Right went shopping today got a few things for my new tort house, lights i found a bit tricky, way too many lights for reptiles, day, night desert etc!!!!

my tort house will be inside for this year, so do i require
Uva or Uvb whats the difference & what do they actually do?

also what size heat bulb? so many different ones, its for sulcatas 

thought i would ask people on here as your all experts & your advice is A*

thanks everyone


----------



## Maggie Cummings (May 18, 2010)

Faced with a huge range of light bulbs in a pet store, there is sometimes confusion over which is the best kind to get. Make sure you get a full spectrum light, that produces more than 1.1 % UVB.Over time, the production of UVB diminishes, and UVB bulbs should be replaced every 9-12 months.

For those species that require a UVB producing light, another source of light is generally required, as either a source of bright white light and/or heat. When placing the various heating and lighting elements, they need to work together. Place the UV lights and the basking light at the same side of the enclosure, or the reptile might spend its time basking and be to far away from the UVB lamp to reap its benefits.


I use Trex 100 watt UVB bulb for my small tortoises that are inside. Then for Bob I use a Trex 250 watt bulb. Than I add a 100 watt regular incandescent bulb for my inside guys as I only use the Trex bulb for a few hours every other day or so...I hope this helps you as I know it can be confusing.


----------



## mrblue2008 (May 18, 2010)

maggie3fan said:


> Faced with a huge range of light bulbs in a pet store, there is sometimes confusion over which is the best kind to get. Make sure you get a full spectrum light, that produces more than 1.1 % UVB.Over time, the production of UVB diminishes, and UVB bulbs should be replaced every 9-12 months.
> 
> For those species that require a UVB producing light, another source of light is generally required, as either a source of bright white light and/or heat. When placing the various heating and lighting elements, they need to work together. Place the UV lights and the basking light at the same side of the enclosure, or the reptile might spend its time basking and be to far away from the UVB lamp to reap its benefits.
> 
> ...




yes does help a bit, so uvb & uva is the same? 

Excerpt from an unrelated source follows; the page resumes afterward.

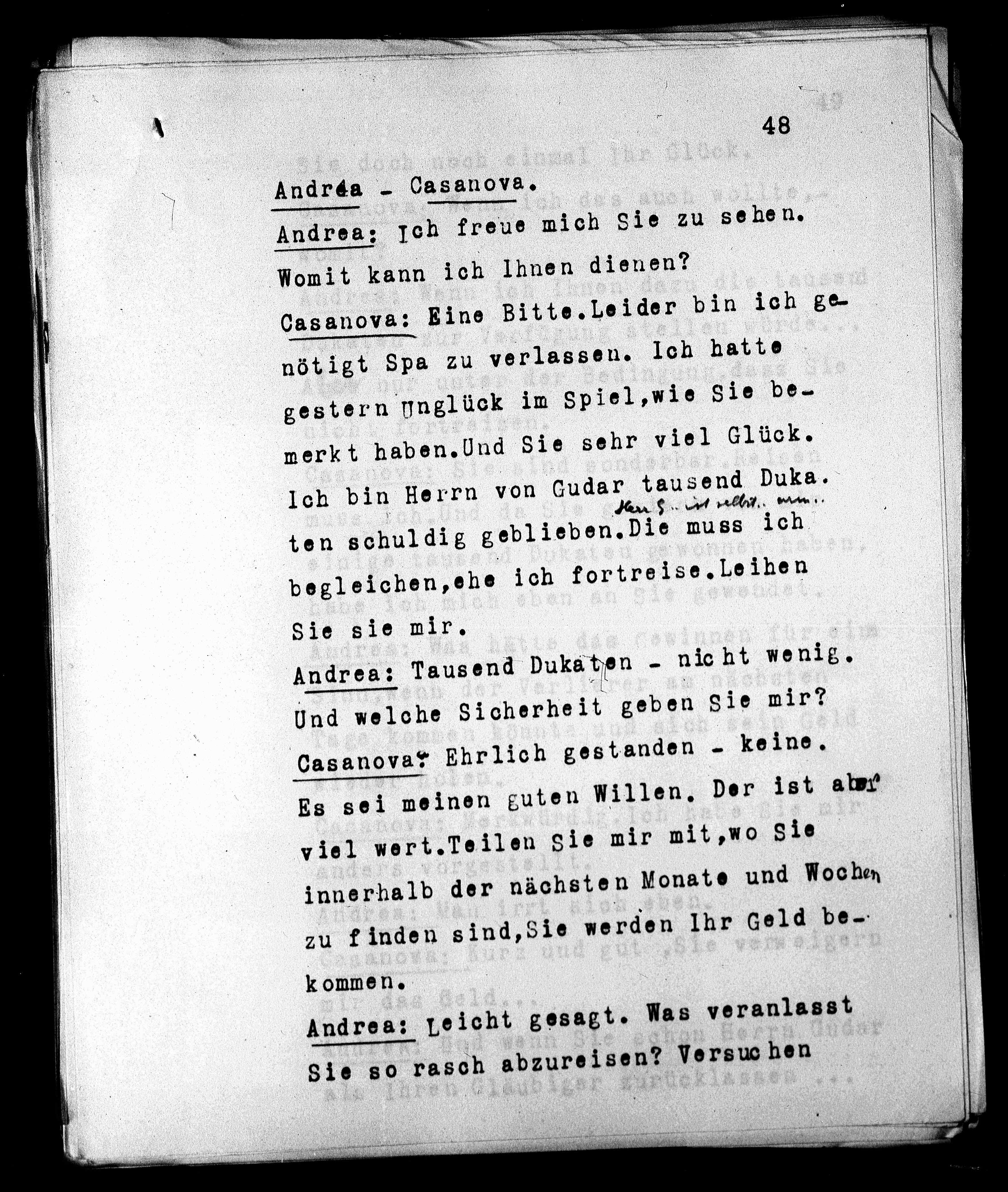 Casanova: Eine Bitte. Leider bin ich ge-

am gunna print this out & take it with me to the pet shop, lol my torts are only small so i will get the t-rex 100 watt.

i just never knew they were so many differnt things for tortoises! its crazy


----------



## chadk (May 18, 2010)

UVA and UVB are not the same. This may help:


****************************************

"Full-Spectrum" Hype
"Full spectrum" lights which look like incandescent light bulbs are incandescent light bulbs and so are good only for producing heat. They do not produce any UVB. Tungsten filament technology cannot produce UVB. The use of the term "full spectrum" is grossly misleading. Any pet store that tells you they produce UVB is either completely ignorant or lying to you to make a sale.

UVB (Ultraviolet B) and UVA (Ultraviolet A)
The only lights that can safely provide these two critical wavelengths to your diurnal reptiles are the UVB/A producing fluorescents made for the reptile pet trade. (Note: for the problems associated with the use of screw-in compact fluorescents, please see my comments in the UV Table article referenced below.) 

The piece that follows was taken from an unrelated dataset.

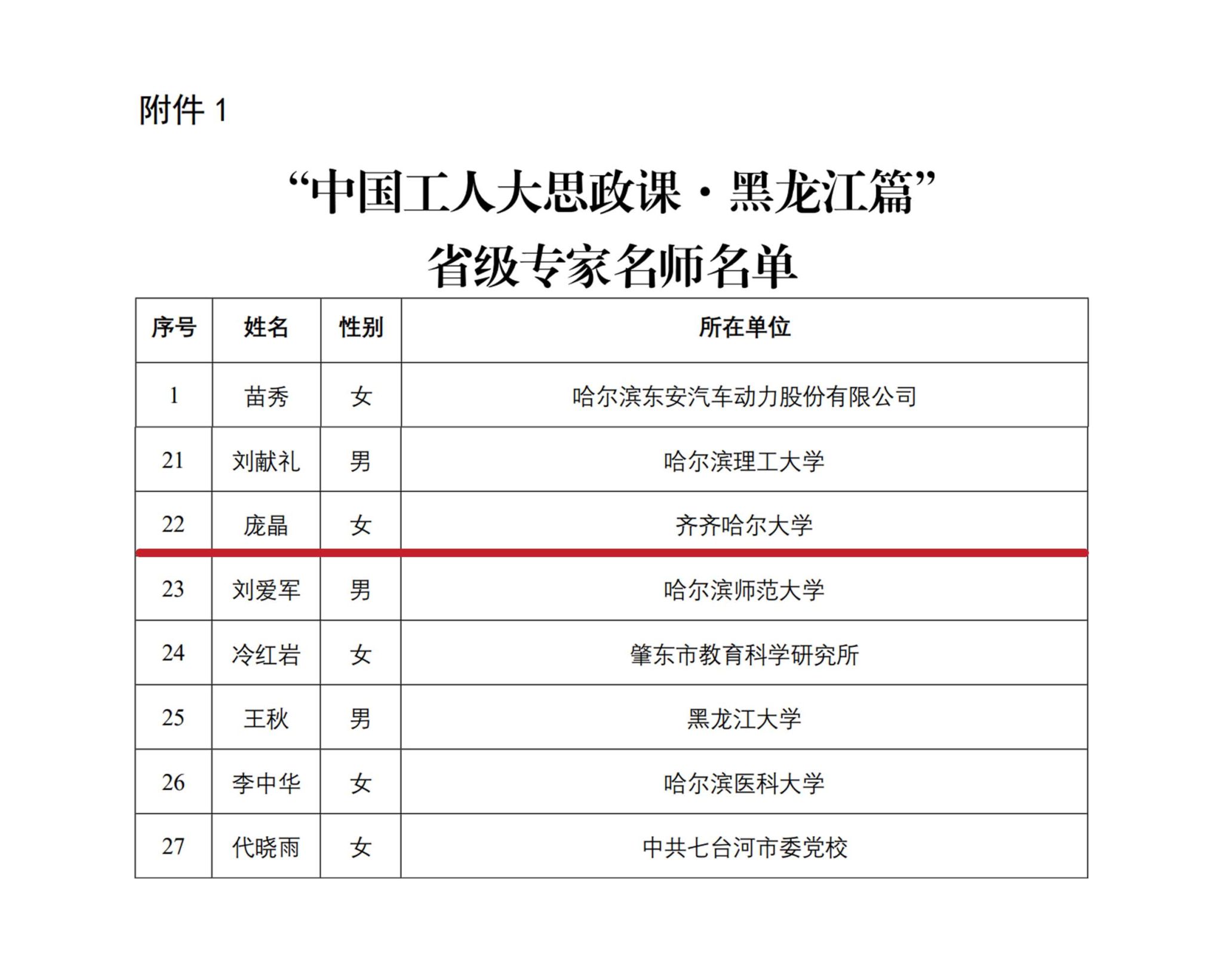 日前,黑龍江省總工會辦公室印發(fā)通報,公布2025年“中國工人大思政課·黑龍江篇”省級專家名師評選結(jié)果。我校馬克思主義學(xué)院馬克思主義中國化教研部主任龐晶教授成功入選。

Fish/Aquarium and plant "grow" lights-incandescent and fluorescent-do not produce UVB. Tanning salon fluorescents, tubes made for phototherapy for humans, germicidal UV tubes, and mercury vapor lights, all of which produce UV, do so at levels that are unsafe for the reptiles and their keepers. Many of these produce very high levels of UV and are designed to be used for very limited periods of time and require that protective eye gear be worn (and to my knowledge, despite the availability of ponchos, sombreros, and motorcycle jackets, no one has made UV resistant goggles for iguanas yet....).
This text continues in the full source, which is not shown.